A great example of the way the band has evolved to let each member shine occurs early in the setlist when Christine nailed “Say You Love Me,” before Stevie took over with “Black Magic Woman.” From the iconic singer/songwriter’s witchy getup to the American Horror Story-esque projection, this was an absolute highlight and a reminder that Fleetwood Mac will never go quietly into the good night. Duties on classic hits “Everywhere” and “Rhiannon” were evenly split, while Mick captained the ship for “World Turning.”

Time has not wearied this man one iota. Mick bashed away at the skins for ten minutes while hallucinatory lighting and screens surely brought on acid flashbacks from the ’70s for many attendees. His skill is otherworldly. Stand-in singer/guitarist Neil Finn enjoyed a tender moment as he belted out Crowded House’s seminal “Don’t Dream It’s Over” to a sea of emotional faces, before Stevie joined him for the final verse and chorus. It was a magical moment that just got better when they segued into “Landslide.”

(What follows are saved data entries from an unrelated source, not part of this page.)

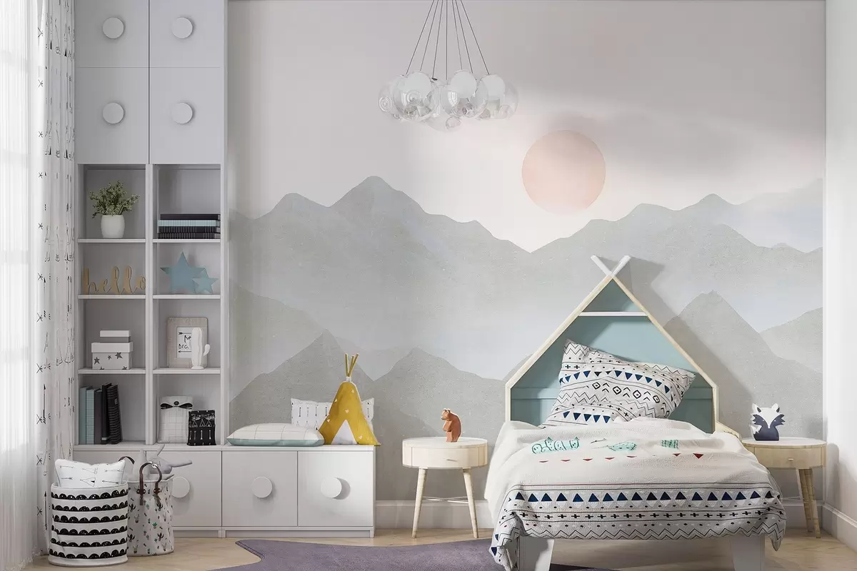 Fototapeten Boho-Stil Berge Landschaft, Sonnenuntergang, weichen Pastell, grau N° w03547v1
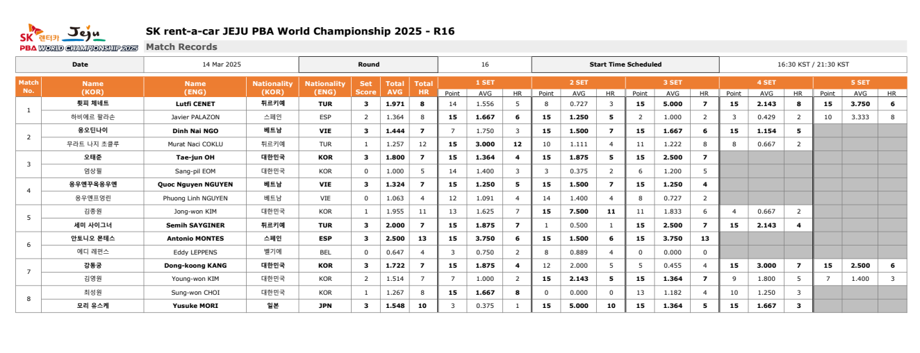제주특별자치도 한라체육관에서 열린 SK렌터카 제주특별자치도 PBA 월드챔피언십 2025의 16강 경기 결과. 륏피 체네트, 응오딘나이, 오태준, 응우옌꾸옥 응우옌, 세니 사이그너, 안토니오 몬테스, 강동궁, 모리 유스케 선수가 8강 대진표에 이름을 올렸습니다.
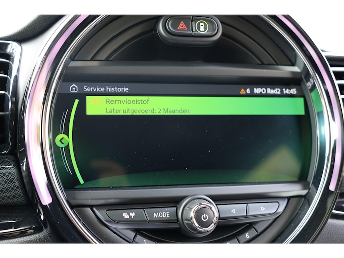 01CB CO2 omvang01DE Emissienorm EU6 RDE01TW MINI LM-velg Star Spoke zwart0223 Adaptief onderstel0230 EU-specifieke extra werkzaamheden0249 Multifunctie v stuurwiel02TC Sportversnellingsbak m. dubb. koppeling02VB Bandenspanningsweergave02VG Performance control02XB MINI Yours lederen sportstuur0302 Alarmsysteem0313 Buitenspiegel inklapbaar0322 Comforttoegang0325 Achterspoiler0329 Motorkapstreep zwart0359 Gezichtspakket0383 Dak en spiegelkappen zwart03AG Achteruitrijcamera03L2 Piano black exterieur0402 Panoramadak elektrisch0413 Bagagenet0420 Verduisterde ruiten0423 Vloermat velours0428 Gevarendriehoek en verbandspakket0430 Binnen-/buitenspiegel, aut. dimmend0431 Binnenspiegel, automatisch dimmend0459 Stoelverstelling elektrisch met memory0465 Neerklapbare achterbank0470 Isofix-System0473 Armsteun voor0481 Sportstoel0493 Opbergpakket0494 Stoelverwarming bestuurder/passagier04AA Dakhemel antraciet04GV MINI Yours Interior Style Piano Black04NE Blow-By verwarmer04V9 MINI Excitement-pakket04VA MINI Driving Modes0508 Park Distance Control (PDC)0534 Automatische airco0541 Adaptive Cruise Control0548 Kilometersnelheidsmeter0552 Adaptieve LED-koplamp0563 Lichtpakket05A1 LED Mistlamp05AA Mistachterlicht05AS Driving Assistant05DP Parkeerassistent0654 DAB-Tuner (voorbereid voor DAB+)0674 Hifi-systeem Harman Kardon06AC Intelligente noodoproep06AD MINI Head-Up Display06AE Teleservices06AK Connected Drive Services06AM Real-Time Traffic Information06AP Remote Services06CP Smartphone-integratie06FP Radio MINI Visual Boost06NM MINI Connected06NT MINI Connected XL06NW Telefonie met draadloos opladen06UM MINI navigatiesysteem07GK Connected Navigation Plus07L6 City07Y2 Chili II0801 Duitsland-uitvoering0851 Taal Duits0879 Boorddocumentatie Duits08KA Olieverversingsinterval 24 mnd/30.000 km08R9 Koelmiddel R1234yf09AA Bescherming buitenzijde09BD BusinesspackageE070 Accu 70 AhLEDE Leeruitrusting

Just when you thought it was impossible for them to maintain that momentum, the rock legends turned it up a notch with “You Make Loving Fun” and “Gold Dust Woman” (the latter found Stevie twirling around stage in a gold lamé shawl). There wasn’t a butt on a seat for “Go Your Own Way,” which was followed by the briefest of encores. They then paid tribute to the late Tom Petty with a beautiful cover of “Free Fallin” and jammed out to “Don’t Stop.” Iconic doesn’t cut it for this band. The members, old and new, of Fleetwood Mac are ascended masters of rock.